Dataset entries
-.-.-

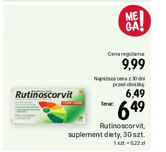 Cena produktu r贸偶ni si臋 w zale偶no艣ci od wybranego sklepu. Niestety nie posiadamy danych o aktualnych promocjach, jednak w艣r贸d archiwalnych ofert Tabletki Rutinoscorvit kosztuje od 4,99 z艂 do 6,49 z艂.
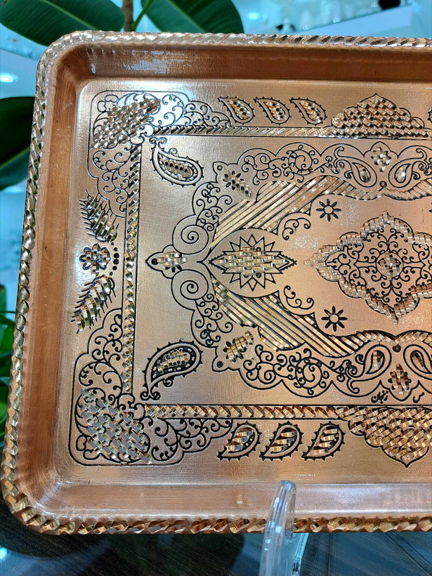 سینی مسی مستطیل سایز متوسط الماس تراش نانو شده
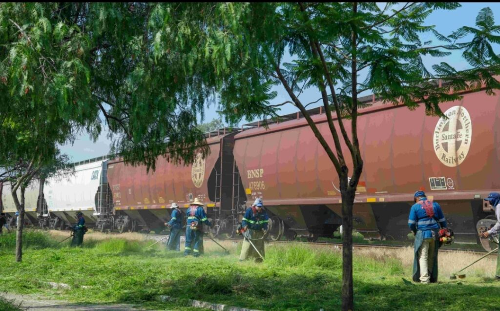 Múltiples cuadrillas de servicios públicos realizaron acciones de desmalezado, arañado y disposición de maleza y residuos sobre los camellones y áreas verdes aledañas a esta importante arteria que cruza la ciudad.
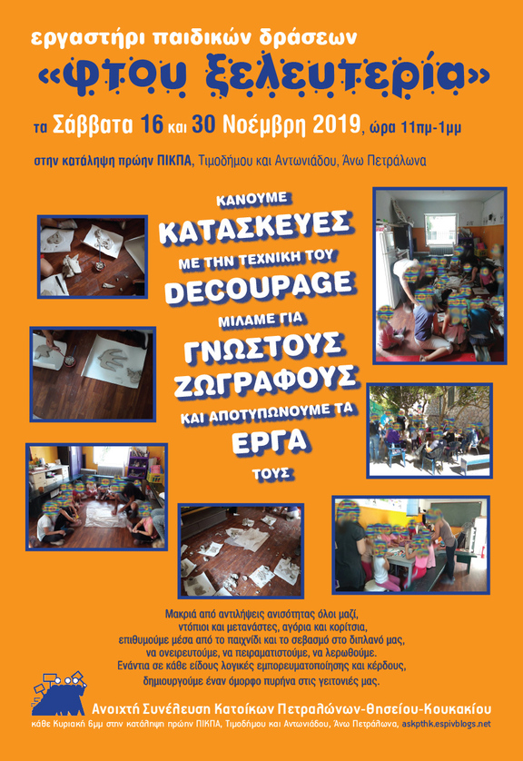 Εργαστήρι παιδικών δράσεων «ΦΤΟΥ ΞΕΛΕΥΤΕΡΙΑ» τα Σάββατα 16 και 30 Νοέμβρη, ώρα 11πµ-1µµ, στην κατάληψη πρώην ΠΙΚΠΑ.
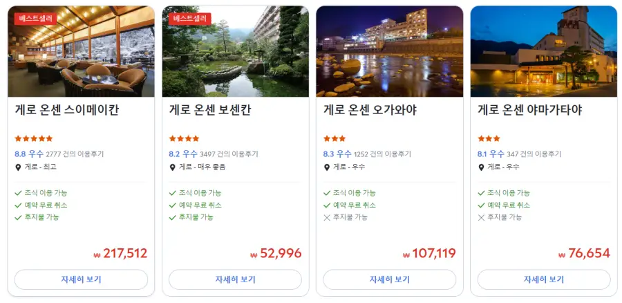 게로온천마을 료칸 가이세키야도 스이호엔 (Suihoen)의 최저 가격대는 아고다웹사이트에서 할인특가 가격으로 매일매일 변동되며 10만원대부터 다양하게 형성됩니다. 날짜별로 매일 가격이 다르므로 아고다웹사이트 최저가를 확인하시려면 아래 링크를 누르시고 원하는 날짜의 가격대를 선택해야 정확한 가격을 자세히 보실 수 있습니다.
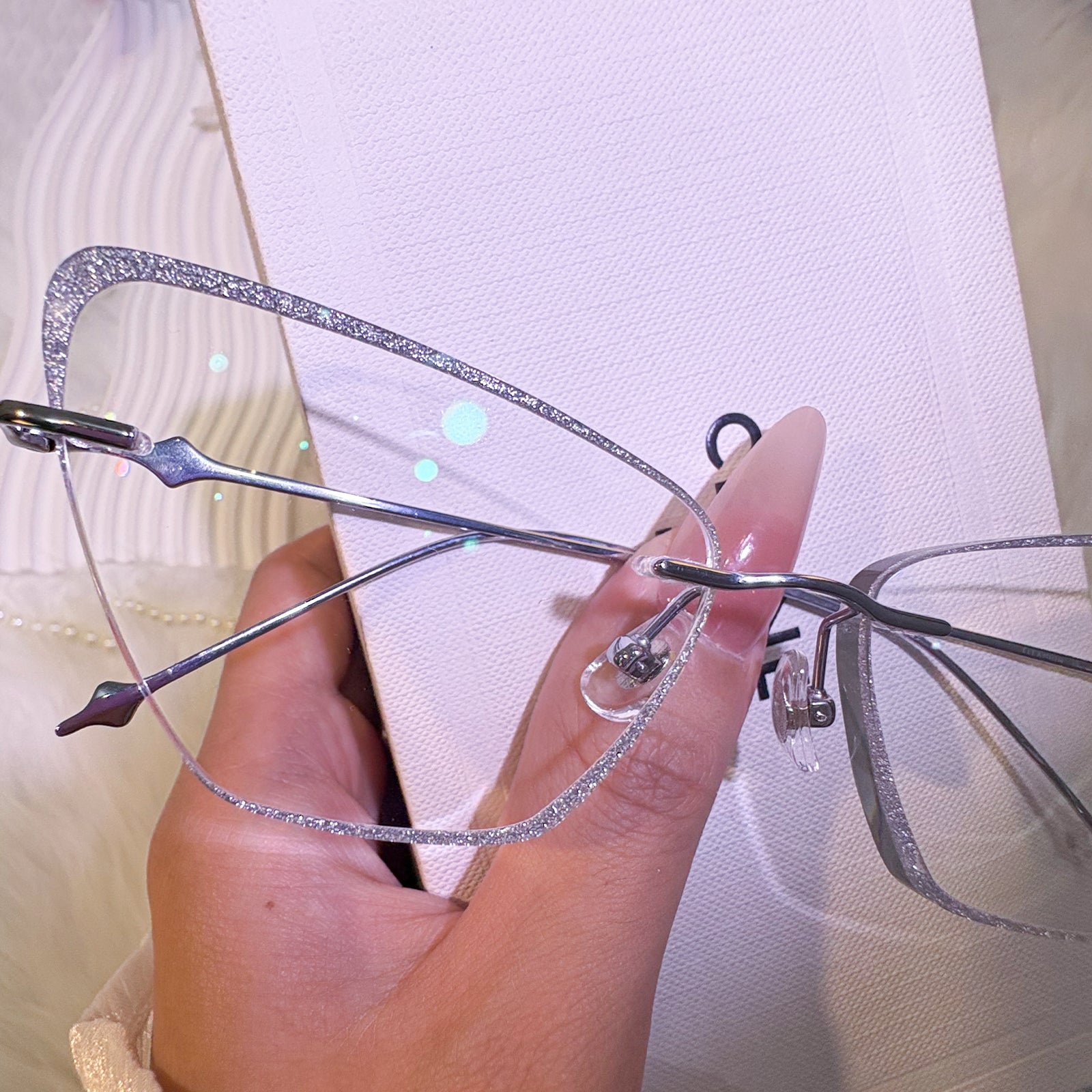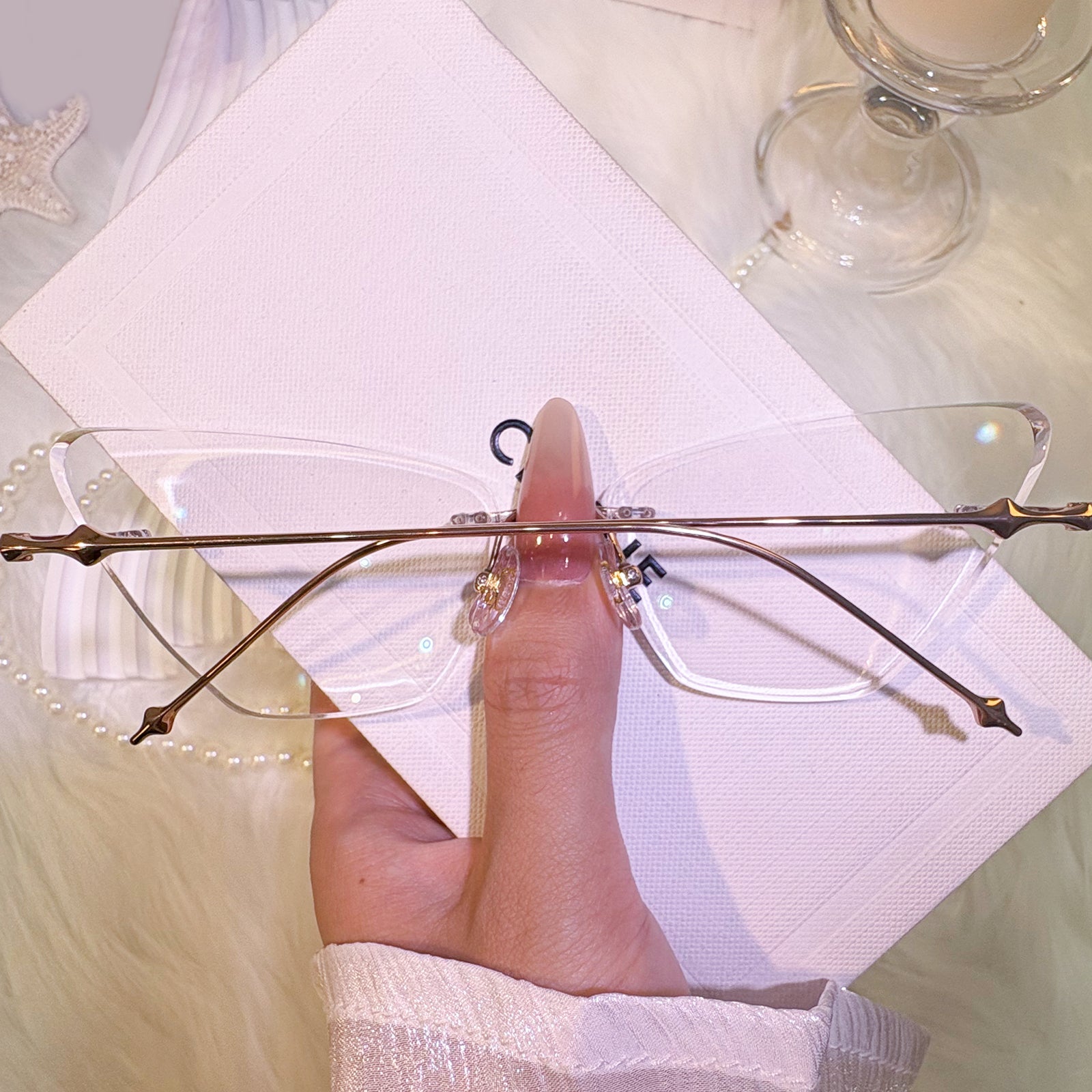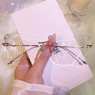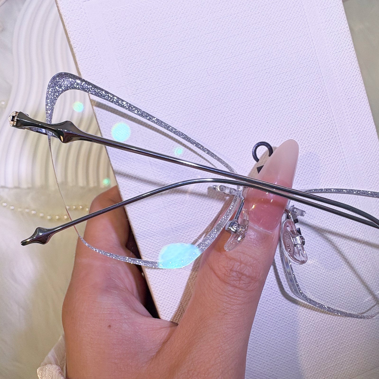 These rimless glasses feature a bold cat-eye shape that exudes effortless cool. The sleek titanium temples are smooth and feather-light, offering both style and all-day comfort. Perfect for fashion-forward girls who love a sharp, standout look with a minimalist twist.

-.-.-

Work instructions:
Copy each entry exactly, with no pictures.

Output:
 Cena produktu r贸偶ni si臋 w zale偶no艣ci od wybranego sklepu. Niestety nie posiadamy danych o aktualnych promocjach, jednak w艣r贸d archiwalnych ofert Tabletki Rutinoscorvit kosztuje od 4,99 z艂 do 6,49 z艂.
 سینی مسی مستطیل سایز متوسط الماس تراش نانو شده
 Múltiples cuadrillas de servicios públicos realizaron acciones de desmalezado, arañado y disposición de maleza y residuos sobre los camellones y áreas verdes aledañas a esta importante arteria que cruza la ciudad.
 Εργαστήρι παιδικών δράσεων «ΦΤΟΥ ΞΕΛΕΥΤΕΡΙΑ» τα Σάββατα 16 και 30 Νοέμβρη, ώρα 11πµ-1µµ, στην κατάληψη πρώην ΠΙΚΠΑ.
 게로온천마을 료칸 가이세키야도 스이호엔 (Suihoen)의 최저 가격대는 아고다웹사이트에서 할인특가 가격으로 매일매일 변동되며 10만원대부터 다양하게 형성됩니다. 날짜별로 매일 가격이 다르므로 아고다웹사이트 최저가를 확인하시려면 아래 링크를 누르시고 원하는 날짜의 가격대를 선택해야 정확한 가격을 자세히 보실 수 있습니다.
 These rimless glasses feature a bold cat-eye shape that exudes effortless cool. The sleek titanium temples are smooth and feather-light, offering both style and all-day comfort. Perfect for fashion-forward girls who love a sharp, standout look with a minimalist twist.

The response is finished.